Assigned task: Output the data below exactly, without images.

◇ ◇ ◇ ◇ ◇

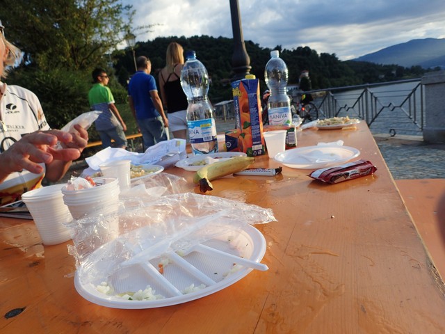 Laveno 118kmという長丁場なので、途中で休みを入れる。今日はLavenoまで行ってフェリー乗れば、宿まで20kmこなし終了。
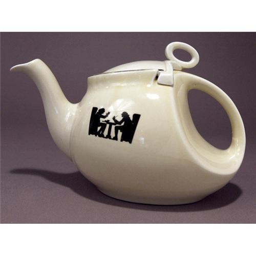 Very Rare!! Hall China, this is a beautiful Silhouette 1930 Streamline Teapot with Platinum Trim by Hall China. The streamline teapot was originally introduced in 1930. Silhouette line of Hall pottery has two seated figures with a table and 2 high back, bench like chairs, a black silhouette against a cream white ceramic with silver trim around the lid. As Silhouette pieces of Hall china are hard to find this is a jewel a beautiful piece! The capacity is 6 cups. The measurements are 6-1/2 inches tall and 9-1/2 inches from spout to handle. TMK is a gold backstamp of "Hall's Superior Quality Kitchenware ~ Made In U.S.A."This is a full size Hall teapot, in excellent condition.Please check wendi's attic on goantiques for more collectibles
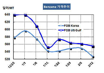 벤젠 가격은 2월12일 FOB Korea 톤당 527달러로 22달러 급락했고 FOB SE Asia 역시 510달러로 19달러 떨어졌다.
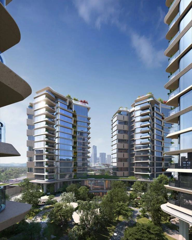 让大部分业主得到了坐到屋头就「直面约350米的交子云塔」和「从120米到350米逐渐爬升的立体波浪天际线视野。」
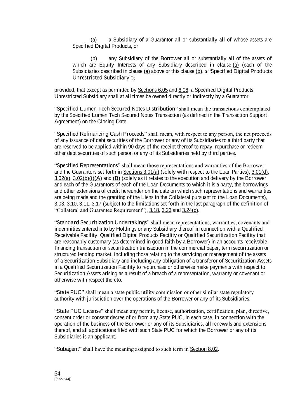 64 [[6727544]] (a) a Subsidiary of a Guarantor all or substantially all of whose assets are Specified Digital Products, or (b) any Subsidiary of the Borrower all or substantially all of the assets of which are Equity Interests of any Subsidiary described in clause (a) (each of the Subsidiaries described in clause (a) above or this clause (b), a “Specified Digital Products Unrestricted Subsidiary”); provided, that except as permitted by Sections 6.05 and 6.06, a Specified Digital Products Unrestricted Subsidiary shall at all times be owned directly or indirectly by a Guarantor. “Specified Lumen Tech Secured Notes Distribution” shall mean the transactions contemplated by the Specified Lumen Tech Secured Notes Transaction (as defined in the Transaction Support Agreement) on the Closing Date. “Specified Refinancing Cash Proceeds” shall mean, with respect to any person, the net proceeds of any issuance of debt securities of the Borrower or any of its Subsidiaries to a third party that are reserved to be applied within 90 days of the receipt thereof to repay, repurchase or redeem other debt securities of such person or any of its Subsidiaries held by third parties. “Specified Representations” shall mean those representations and warranties of the Borrower and the Guarantors set forth in Sections 3.01(a) (solely with respect to the Loan Parties), 3.01(d), 3.02(a), 3.02(b)(i)(A) and (B) (solely as it relates to the execution and delivery by the Borrower and each of the Guarantors of each of the Loan Documents to which it is a party, the borrowings and other extensions of credit hereunder on the date on which such representations and warranties are being made and the granting of the Liens in the Collateral pursuant to the Loan Documents), 3.03, 3.10, 3.11, 3.17 (subject to the limitations set forth in the last paragraph of the definition of “Collateral and Guarantee Requirement”), 3.18, 3.23 and 3.24(c). “Standard Securitization Undertakings” shall mean representations, warranties, covenants and indemnities entered into by Holdings or any Subsidiary thereof in connection with a Qualified Receivable Facility, Qualified Digital Products Facility or Qualified Securitization Facility that are reasonably customary (as determined in good faith by a Borrower) in an accounts receivable financing transaction or securitization transaction in the commercial paper, term securitization or structured lending market, including those relating to the servicing or management of the assets of a Securitization Subsidiary and including any obligation of a transferor of Securitization Assets in a Qualified Securitization Facility to repurchase or otherwise make payments with respect to Securitization Assets arising as a result of a breach of a representation, warranty or covenant or otherwise with respect thereto. “State PUC” shall mean a state public utility commission or other similar state regulatory authority with jurisdiction over the operations of the Borrower or any of its Subsidiaries. “State PUC License” shall mean any permit, license, authorization, certification, plan, directive, consent order or consent decree of or from any State PUC, in each case, in connection with the operation of the business of the Borrower or any of its Subsidiaries, all renewals and extensions thereof, and all applications filed with such State PUC for which the Borrower or any of its Subsidiaries is an applicant. “Subagent” shall have the meaning assigned to such term in Section 8.02.
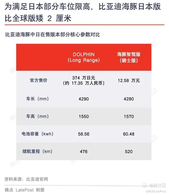 日本立体机械车库大多有 1550mm 的限高要求,所以全球版和中国版的海豚高度为 1570 mm,但日本版本降到了 1550 mm。比亚迪在 2023 年的新车上市新闻稿里专门提了这一点。
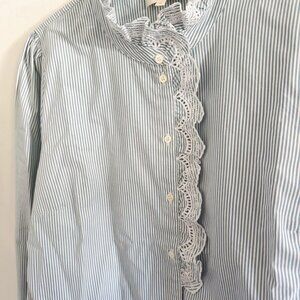 Item Description: Blue ecru stripe Chlo lace trim button down blouse
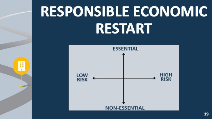 - Plan for a methodical and strategic return to work based on level of disease transmission risk and essential classification;
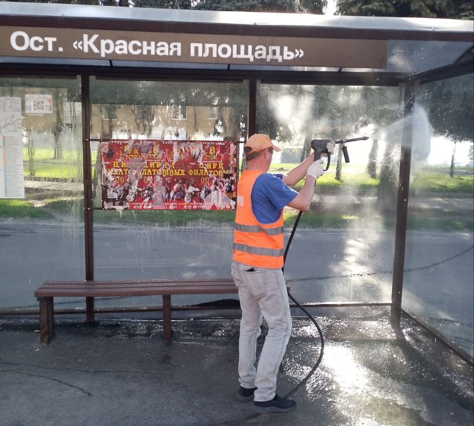 Принимают участие в этом 57 рабочих и 46 единиц техники. Кроме ручной и механической уборки специалисты также моют остановочные павильоны.
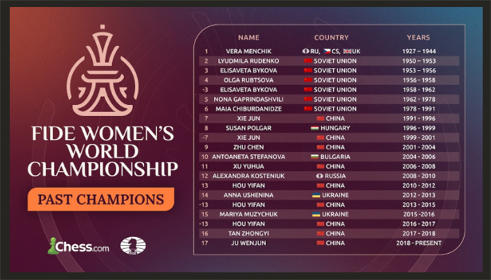 Эмэгтэйчүүдийн чансааг тэргүүлж буй Хоу Ифань шатраасаа хөндийрч буй тал түүний дараагаар бичигдэж буй Жү Вэнжүний ноёрхлыг хэн, хэзээ зогсоож чадах нь тодорхойгүй байна.

◇ ◇ ◇ ◇ ◇

Exercise answer:
 Laveno 118kmという長丁場なので、途中で休みを入れる。今日はLavenoまで行ってフェリー乗れば、宿まで20kmこなし終了。
 Very Rare!! Hall China, this is a beautiful Silhouette 1930 Streamline Teapot with Platinum Trim by Hall China. The streamline teapot was originally introduced in 1930. Silhouette line of Hall pottery has two seated figures with a table and 2 high back, bench like chairs, a black silhouette against a cream white ceramic with silver trim around the lid. As Silhouette pieces of Hall china are hard to find this is a jewel a beautiful piece! The capacity is 6 cups. The measurements are 6-1/2 inches tall and 9-1/2 inches from spout to handle. TMK is a gold backstamp of "Hall's Superior Quality Kitchenware ~ Made In U.S.A."This is a full size Hall teapot, in excellent condition.Please check wendi's attic on goantiques for more collectibles
 벤젠 가격은 2월12일 FOB Korea 톤당 527달러로 22달러 급락했고 FOB SE Asia 역시 510달러로 19달러 떨어졌다.
 让大部分业主得到了坐到屋头就「直面约350米的交子云塔」和「从120米到350米逐渐爬升的立体波浪天际线视野。」
 64 [[6727544]] (a) a Subsidiary of a Guarantor all or substantially all of whose assets are Specified Digital Products, or (b) any Subsidiary of the Borrower all or substantially all of the assets of which are Equity Interests of any Subsidiary described in clause (a) (each of the Subsidiaries described in clause (a) above or this clause (b), a “Specified Digital Products Unrestricted Subsidiary”); provided, that except as permitted by Sections 6.05 and 6.06, a Specified Digital Products Unrestricted Subsidiary shall at all times be owned directly or indirectly by a Guarantor. “Specified Lumen Tech Secured Notes Distribution” shall mean the transactions contemplated by the Specified Lumen Tech Secured Notes Transaction (as defined in the Transaction Support Agreement) on the Closing Date. “Specified Refinancing Cash Proceeds” shall mean, with respect to any person, the net proceeds of any issuance of debt securities of the Borrower or any of its Subsidiaries to a third party that are reserved to be applied within 90 days of the receipt thereof to repay, repurchase or redeem other debt securities of such person or any of its Subsidiaries held by third parties. “Specified Representations” shall mean those representations and warranties of the Borrower and the Guarantors set forth in Sections 3.01(a) (solely with respect to the Loan Parties), 3.01(d), 3.02(a), 3.02(b)(i)(A) and (B) (solely as it relates to the execution and delivery by the Borrower and each of the Guarantors of each of the Loan Documents to which it is a party, the borrowings and other extensions of credit hereunder on the date on which such representations and warranties are being made and the granting of the Liens in the Collateral pursuant to the Loan Documents), 3.03, 3.10, 3.11, 3.17 (subject to the limitations set forth in the last paragraph of the definition of “Collateral and Guarantee Requirement”), 3.18, 3.23 and 3.24(c). “Standard Securitization Undertakings” shall mean representations, warranties, covenants and indemnities entered into by Holdings or any Subsidiary thereof in connection with a Qualified Receivable Facility, Qualified Digital Products Facility or Qualified Securitization Facility that are reasonably customary (as determined in good faith by a Borrower) in an accounts receivable financing transaction or securitization transaction in the commercial paper, term securitization or structured lending market, including those relating to the servicing or management of the assets of a Securitization Subsidiary and including any obligation of a transferor of Securitization Assets in a Qualified Securitization Facility to repurchase or otherwise make payments with respect to Securitization Assets arising as a result of a breach of a representation, warranty or covenant or otherwise with respect thereto. “State PUC” shall mean a state public utility commission or other similar state regulatory authority with jurisdiction over the operations of the Borrower or any of its Subsidiaries. “State PUC License” shall mean any permit, license, authorization, certification, plan, directive, consent order or consent decree of or from any State PUC, in each case, in connection with the operation of the business of the Borrower or any of its Subsidiaries, all renewals and extensions thereof, and all applications filed with such State PUC for which the Borrower or any of its Subsidiaries is an applicant. “Subagent” shall have the meaning assigned to such term in Section 8.02.
 日本立体机械车库大多有 1550mm 的限高要求,所以全球版和中国版的海豚高度为 1570 mm,但日本版本降到了 1550 mm。比亚迪在 2023 年的新车上市新闻稿里专门提了这一点。
 Item Description: Blue ecru stripe Chlo lace trim button down blouse
 - Plan for a methodical and strategic return to work based on level of disease transmission risk and essential classification;
 Принимают участие в этом 57 рабочих и 46 единиц техники. Кроме ручной и механической уборки специалисты также моют остановочные павильоны.
 Эмэгтэйчүүдийн чансааг тэргүүлж буй Хоу Ифань шатраасаа хөндийрч буй тал түүний дараагаар бичигдэж буй Жү Вэнжүний ноёрхлыг хэн, хэзээ зогсоож чадах нь тодорхойгүй байна.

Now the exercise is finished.